Ernest Rutherford and Hans Geiger in the physics laboratory at Manchester University. Photo / File
Ernest Rutherford and Hans Geiger in the physics laboratory at Manchester University. Photo / File
Our research community tonight gathers in Wellington for a gala dinner celebrating 150 years of our leading body for science and the humanities, the Royal Society Te Aparangi. Science reporter Jamie Morton looks at 10 highlights in its history.
1874: The cave controversy
Who hunted the moa to extinction proved a heated dispute between two scientific heavyweights. Photo / File
A cave just outside Christchurch proved the centre of one of the biggest academic stoushes in New Zealand's history - and pitted two scientific heavyweights against each other.
It began in 1874, when New Zealand Geological Survey and Colonial Museum director James Hector read to a Wellington audience a paper by a field assistant named Alexander McKay.
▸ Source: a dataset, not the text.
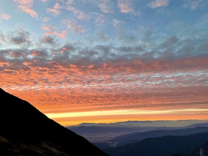 夕食前には甲斐駒の山肌を赤く染めるアーベントロートときれいな鱗雲の夕焼けを見ることが出来ました。
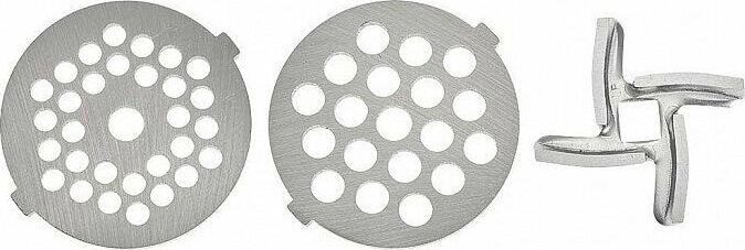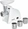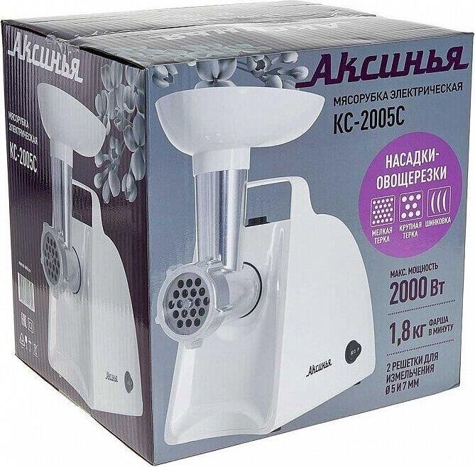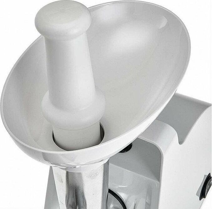 Максимальная мощность 2000 Вт Номинальная потребляемая мощность 300 Вт Производительность 1,8 кг/мин Описание Мясорубка электрическая предназначена для измельчения вареного или сырого мяса и подобных продуктов, а также приготовления печенья в бытовых и аналогичных условиях Подходит для обработки любого вида мяса Цвет: белый Прочный металлический шнек Металлический привод шнека увеличивает надежность и долговечность прибора Крестообразный нож из высококачественной нержавеющей стали Две решетки для измельчения с отверстиями разного диаметра - 5 и 7 мм 3 насадки-овощерезки: мелкая терка крупная терка шинковка Две насадки «КУББЕ» Насадка для набивки колбасок Удобный толкатель Противоскользящие прорезиненные ножки Функция РЕВЕРС обеспечивает простоту очистки шнека при забивании продуктами Система защиты двигателя от перегрева Упаковка: цветная коробка

The paper described a curious cave at Sumner, in which moa bones were found, along with polished stone tools and geology that suggested the objects had been there for many centuries.
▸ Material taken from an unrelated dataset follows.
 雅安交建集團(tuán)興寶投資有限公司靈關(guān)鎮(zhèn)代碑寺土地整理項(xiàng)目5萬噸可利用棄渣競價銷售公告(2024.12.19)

The cave's formation, along with the items, McKay believed, left it unclear whether moa were exterminated long ago by a race other than Maori - or whether Maori had arrived in the country as far back as 1350 years before and soon exterminated the species.
The suggestions were controversially at odds with the theory advanced by Canterbury Museum director and McKay's former employer, Julius Haast, who believed the moa had been hunted by a Palaeolithic people who used chipped stone tools, not polished ones.
So began a war of words between Hector, who backed McKay's work, and Haast, who felt betrayed that his former employee McKay had produced a paper without his permission or approval.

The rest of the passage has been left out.